Die 20 führenden Industrie- und Schwellenländer (G20) sollen sich nach dem Wunsch der amtierenden japanischen Präsidentschaft zum Freihandel bekennen. Die japanische Zeitung «Asahi» berichtete am Mittwoch, in einem Entwurf für das Gipfelkommuniqué werde neben dem Bekenntnis zum freien Handel auch die Notwendigkeit betont, einen positiven Kreislauf von Wirtschaftswachstum und Verteilung herbeizuführen.
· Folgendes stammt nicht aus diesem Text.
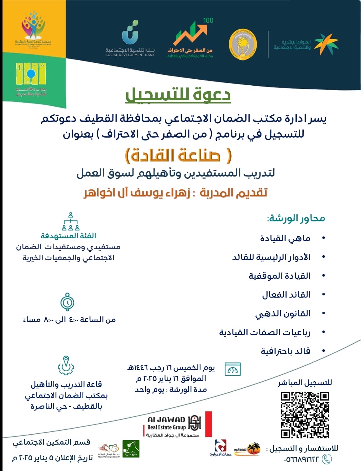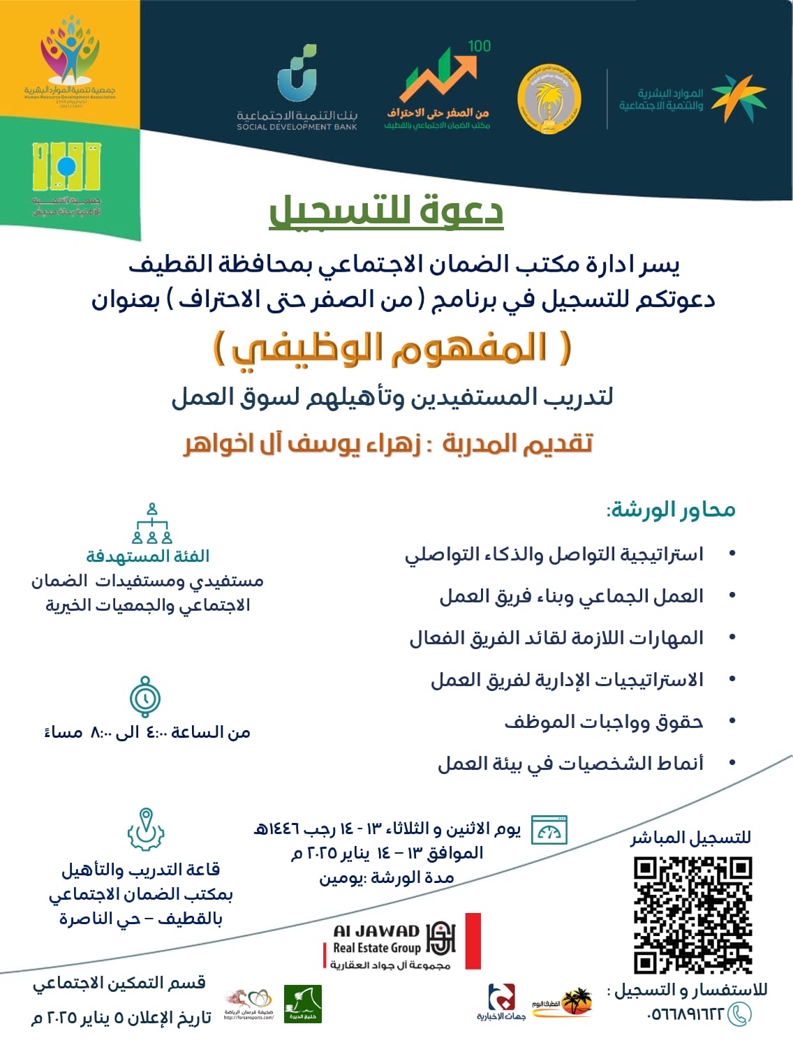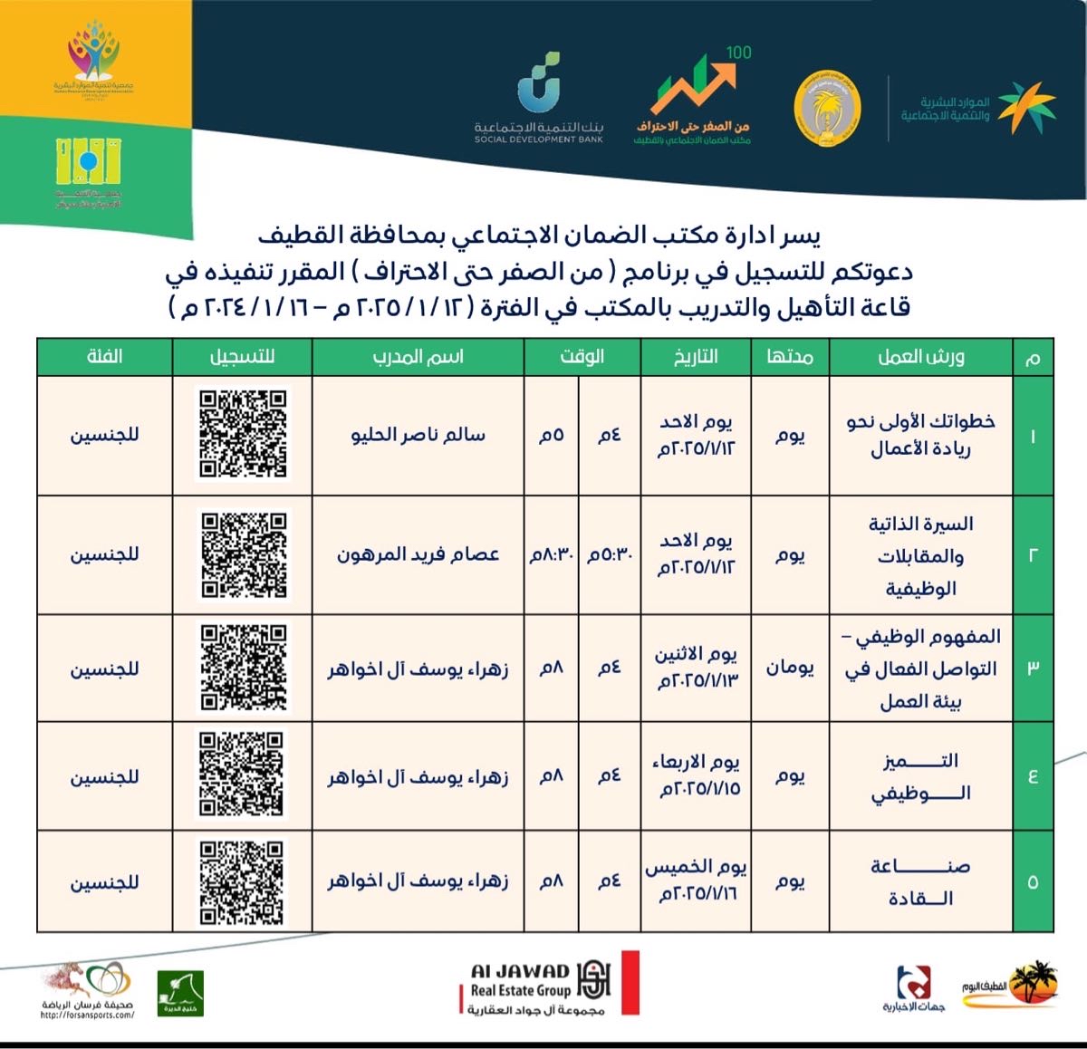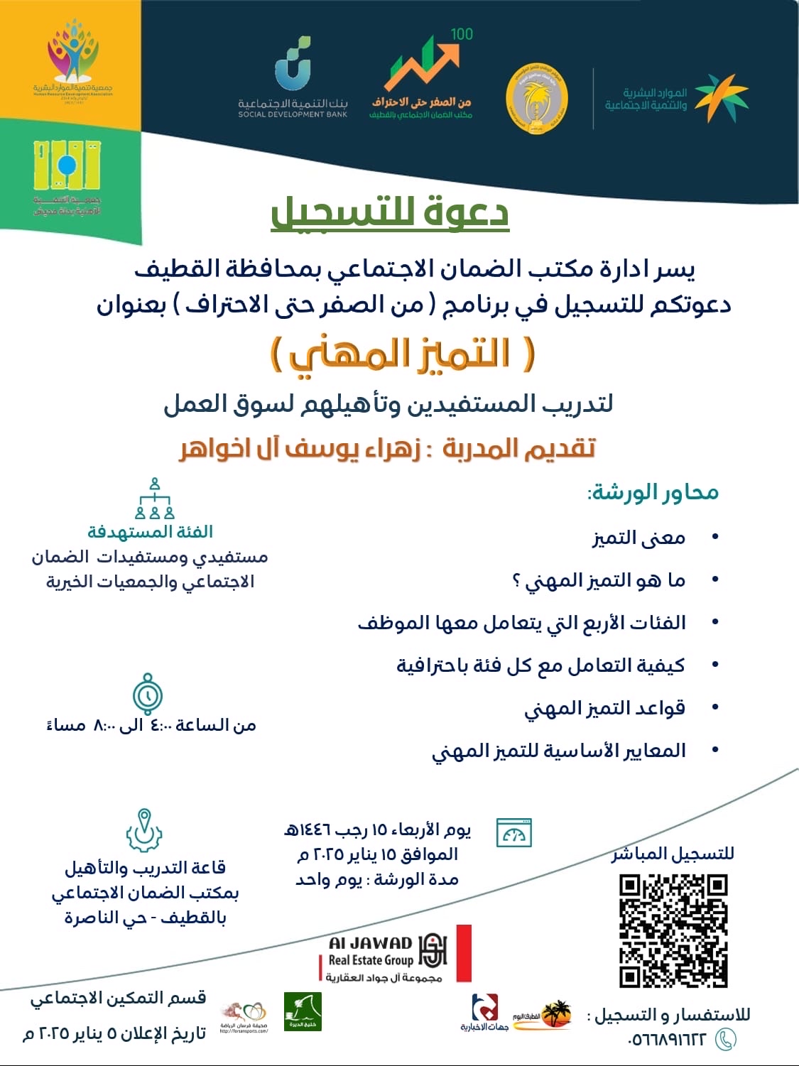 تحت عنوان ”السيرة الذاتية والمقابلات الوظيفية“، ينظم مكتب الضمان الاجتماعي بمحافظة القطيف، ورشة عمل بالتعاون مع جمعية تنمية الموارد البشرية بسيهات، وجمعية التنمية الأهلية بحلة محيش، وذلك ضمن برنامج ”من الصفر إلى الاحتراف“.

Die Staats- und Regierungschefs der G20 treffen sich Ende der Woche für zwei Tage im japanischen Osaka. Am Rande des Gipfels soll es US-Regierungskreisen zufolge ein Treffen von US-Präsident Donald Trump mit dem chinesischen Staatschef Xi Jinping geben. Dabei solle es um den Handelsstreit beider Länder gehen.

Widerstand Trumps erwartet

In Verhandlungskreisen gilt es allerdings als fraglich, ob US-Präsident Trump das Bekenntnis zu Freihandel und die Ablehnung von Protektionismus in der Abschlusserklärung akzeptieren wird. Im vergangenen Jahr musste eine entsprechende Passage in der G20-Erklärung auf Druck der USA gestrichen werden.

Die USA haben gegen Europa und vor allem China Strafzölle verhängt und drohen mit weiteren Zöllen, weil Trump unfaire Handelspraktiken sieht. Seine Skepsis gegen multilaterale Organisationen und Vereinbarungen blockiert nach Angaben europäischer Diplomaten auch die Arbeit und Reform der Welthandelsorganisation WTO.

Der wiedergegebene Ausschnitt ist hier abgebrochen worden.